Objective: To investigate the expression of the genes fragile histidine triad (FHIT), Bcl-2, and Bax, biological markers of breast infiltrating ductal carcinoma in this carcinoma and clinicopathological significance thereof.
Methods: The clinical data of 100 patients with breast infiltrating ductal carcinoma, all females, aged 435 (28 - 92), were collected. Immunohistochemistry was used to detect the protein expression of FHIT, Bcl-2 and Bax in the carcinoma tissues resected during operation.

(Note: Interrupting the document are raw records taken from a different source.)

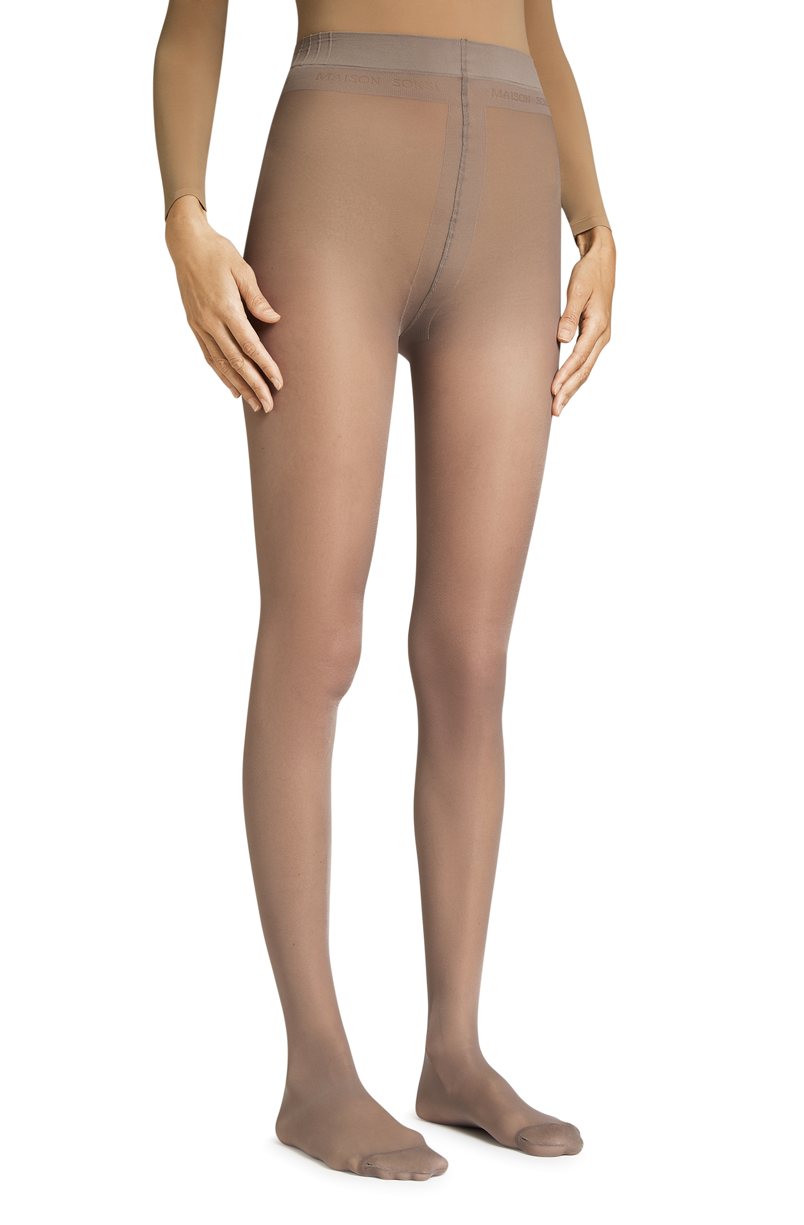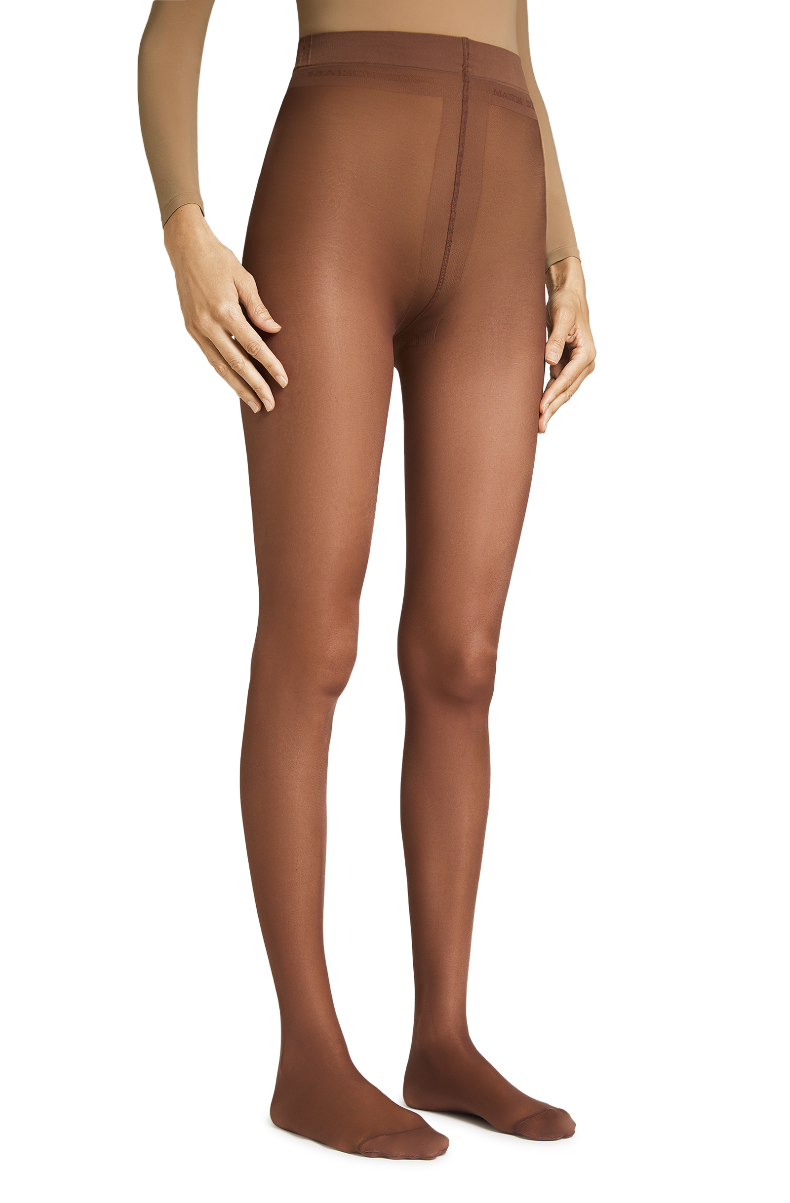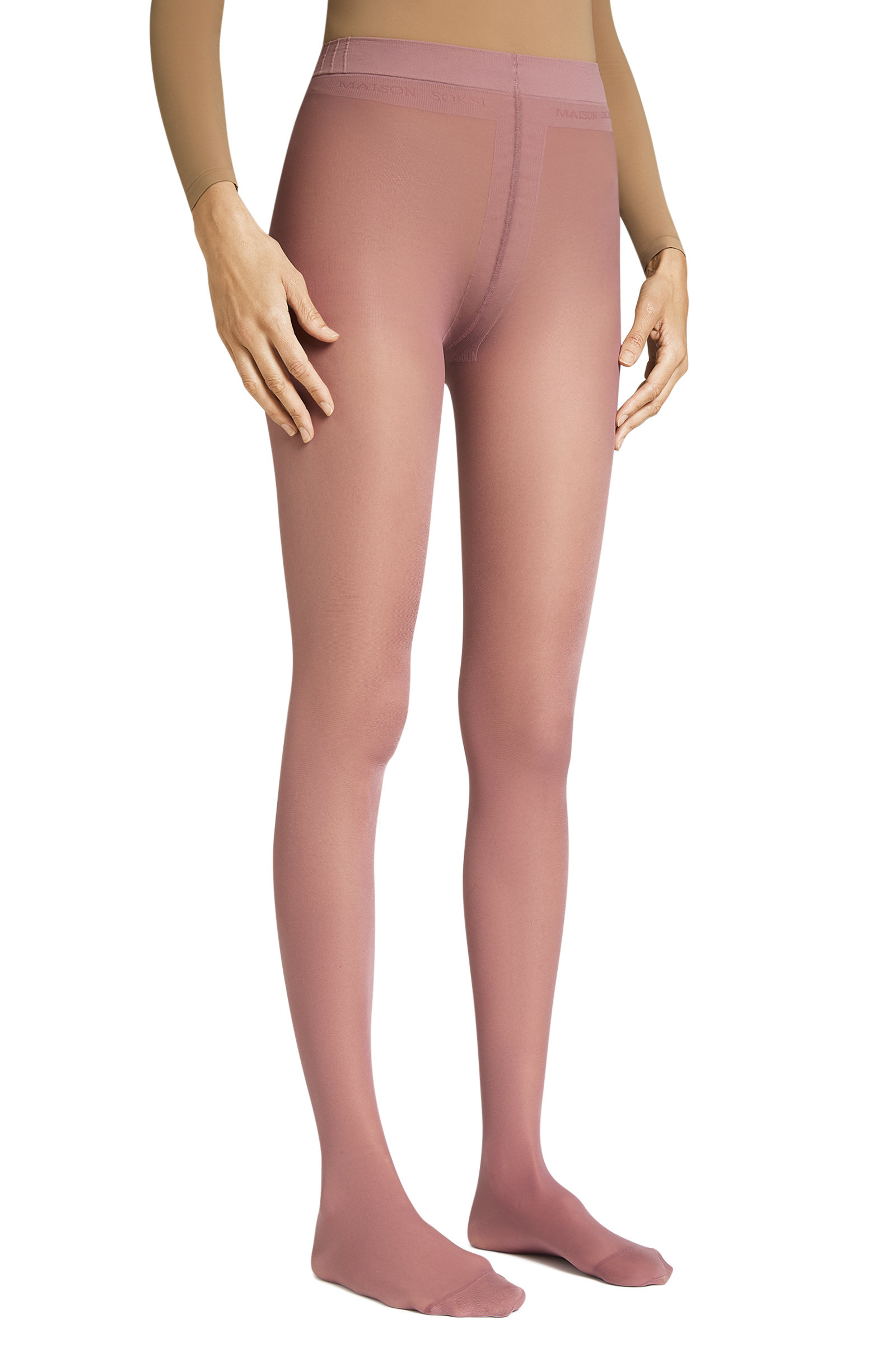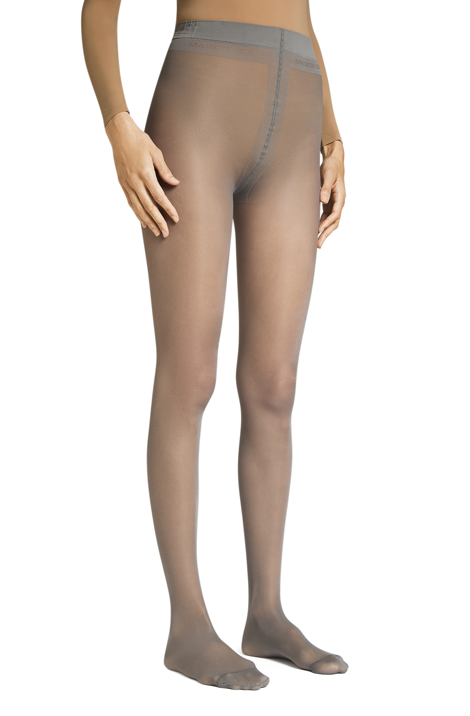 30 den, double covered, tone-on-tone, flat seam, no gusset, fully boarded. Logo knitted under the elasticized waistband. Made in Italy.
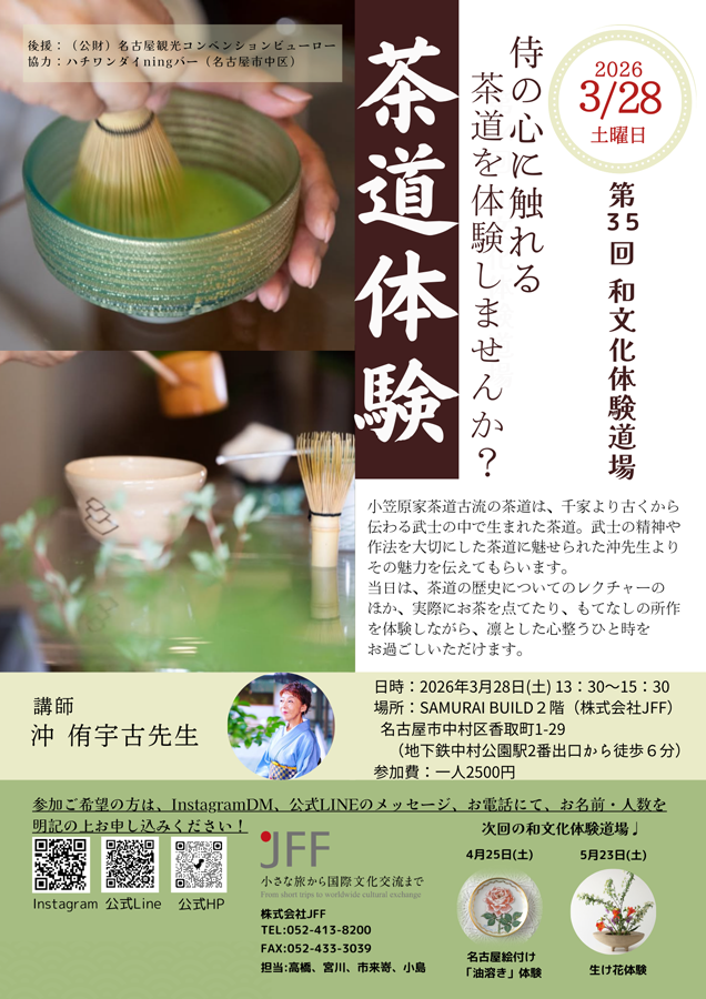 | ツアー名 | 第35回 和文化体験道場《茶道体験》 |
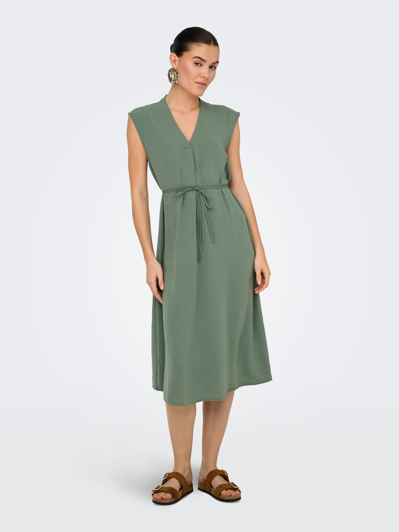 Potrivire regulată V-gât Umeri căzuți Rochie midi
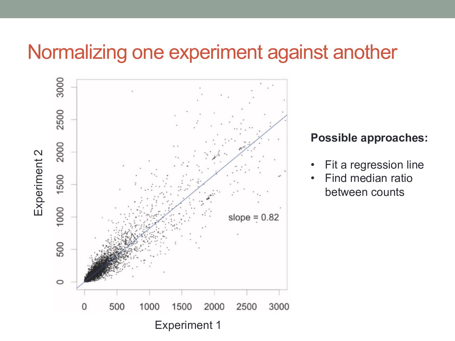 9. Normalizing one experiment against another Experiment 1 Experiment 2 Possible
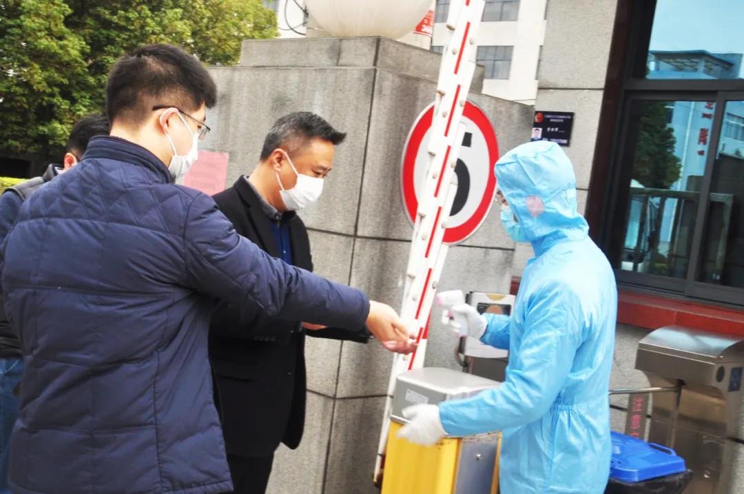 (圖為企業(yè)疫情防控小組成員在為來訪領(lǐng)導測量體溫)
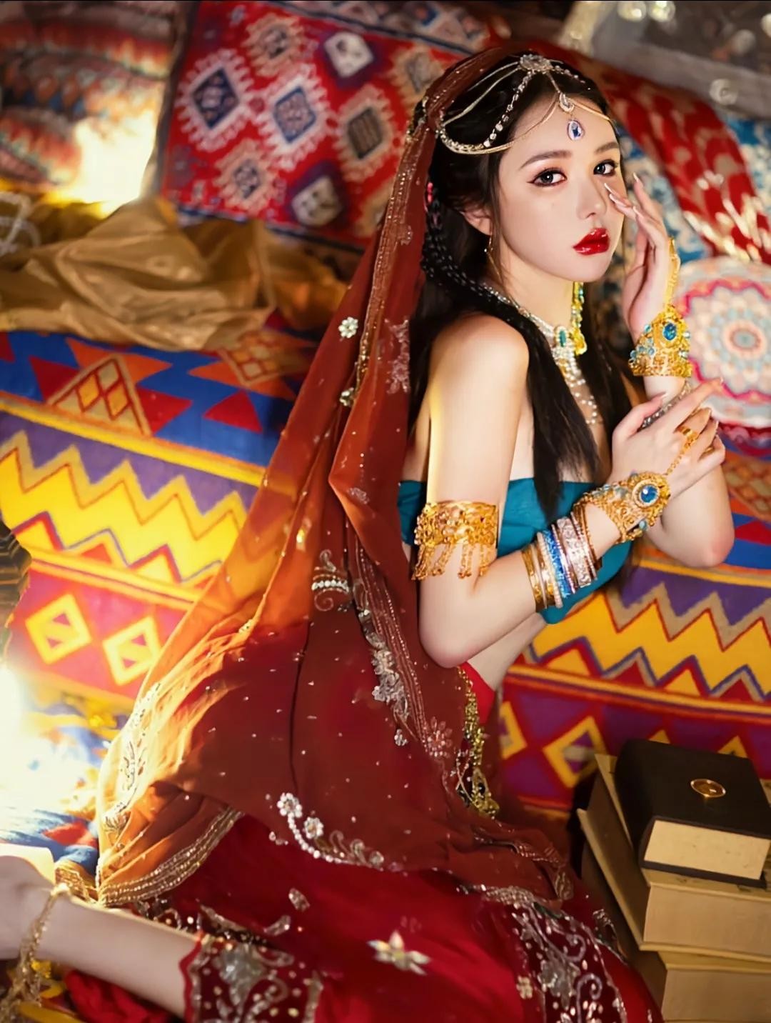 明眸皓齿、惊艳绝伦,一切美好的词都难以形容,现代美女穿上异域风情的服装也一样美得看直了眼。
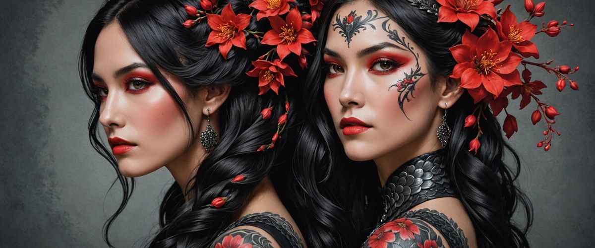 A hyper-realistic portrait of a woman with flowing black hair, red flowers, and a detailed dragon tattoo on her neck and shoulder. Fantasy digital art with cinematic lighting.
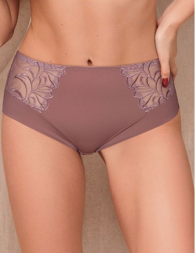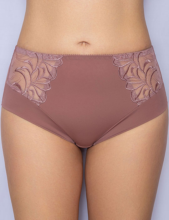Женские трусы Albina L модель NOVELLA 461 в модной кофейно-розовой расцветке. Нежная вышивка сочетается с гладкой микрофиброй, а мягкие манжеты по краям ножек обеспечивают комфорт для чувствительной кожи. Идеальны для женщин с пышными формами.
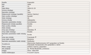 Akt ślubu Jana Joki i Aleksandry Koronkiewicz; Krasnybór, 1894 r ...
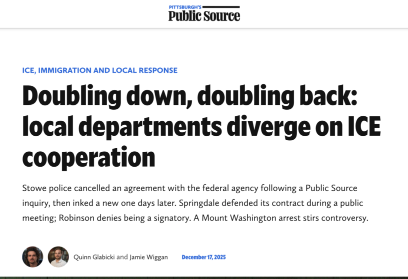 PGH Public Source: Doubling down, doubling back: local departments diverge on ICE cooperation
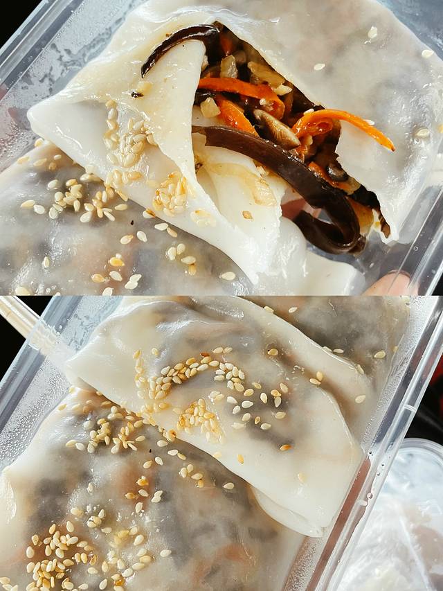 经常会在某音刷到这个肠粉,所以心心念念了很久,终于吃上了,赞!到的时候阿姨都打包好准备收摊了,还好她看到我在车里张望她的摊位,想着我可能要吃肠粉,就等了一会。停好车之后我买了剩下的,阿姨还便宜了给我,开心!满满一袋8元,肠粉真的好吃,上面撒了花生碎,很香!
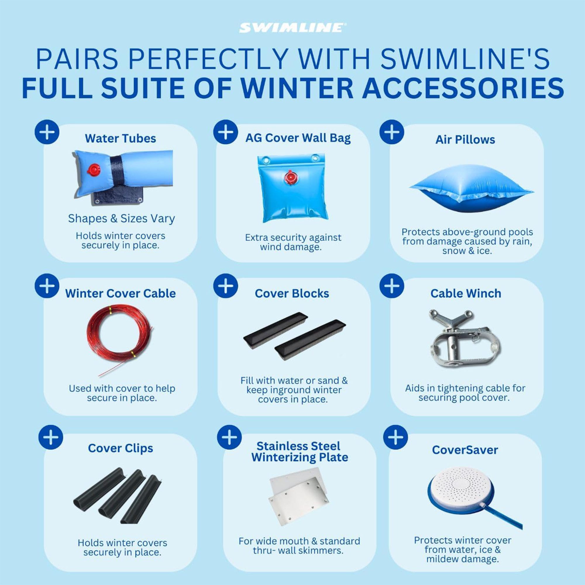 Moreover, our pool covers are not standalone solutions but part of a wider protective system within the Hydrotools by Swimline expansive assortment of pool accessories. They pair seamlessly with our extensive range of winterizing accessories such as ice equalizer air pillows, water tubes, and wall bags. With the integrated perimeter grommets, you can use these accessories for additional support and peace of mind.
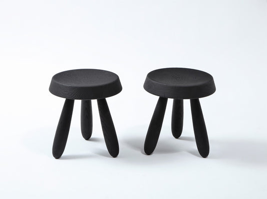 Deep Charcoal Burnt Oak Tripod Stool by Douglas Mont for Facto Atelier Paris
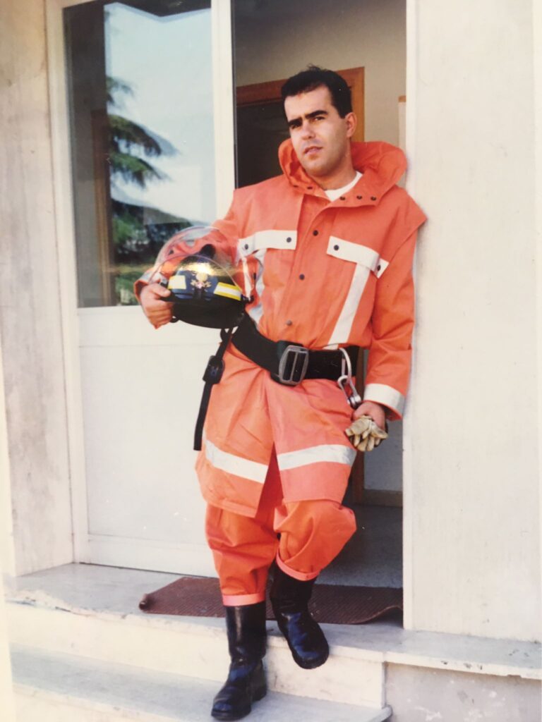Tutto ebbe inizio nel lontano agosto del 1991, quando venne assunto nel Corpo Nazionale dei Vigili del Fuoco. Moltissime ed altrettanto diverse le assegnazioni, gli incarichi e le promozioni, fino a giungere presso la Direzione Centrale per la Formazione delle Scuole Antincendio, svolgendo il ruolo di formatore, educatore e punto di riferimento per le nuove leve.
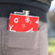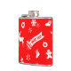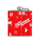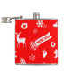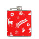En spritkolv med en vit, sömlös repetition av julklapp inslag - strumpor, gingbreadman, snöflingor, renar, julprydnader, ljus, Julgran och ord "God jul" - mot en röd bakgrund.

Results: The protein expression rates of FHIT, Bcl-2 and Bax in the tumor tissues were 73%, 50%, and 34% respectively. The disease free survival (DFS) and overall survival (OS) of the FHIT positive patients were 81.8 months and 123.6 months, both significantly longer than those of the FHIT-negative patients (27.7 months and 74 months, both P < 0.05). The DFS of the Bcl-2-positive patients was 83 months, significantly longer than that of the Bcl-2-negative patients (45 months, P < 0.05). The mean DFS of the Bcl-2-positive patients who received postoperative adjuvant chemotherapy was 54.8 months, significantly longer than that of the Bcl-2-negative patients who received postoperative adjuvant chemotherapy (41.6 months). The mean DFS and OS of the Bcl-2-negative patients receiving CAF regimen were 55 months and 58.8 months respectively, both longer than those of the Bcl-2-negative patients receiving other regimens (27 months and 36 months respectively). However, the expression of Bax failed to show correlation with the prognosis of breast infiltrating ductal carcinoma.
Conclusion: Expression of FHIT and expression of Bcl-2 are positively correlated to the DFS and OS of the breast infiltrating ductal carcinoma. Bax is not predictive to the prognosis of breast infiltrating ductal carcinoma.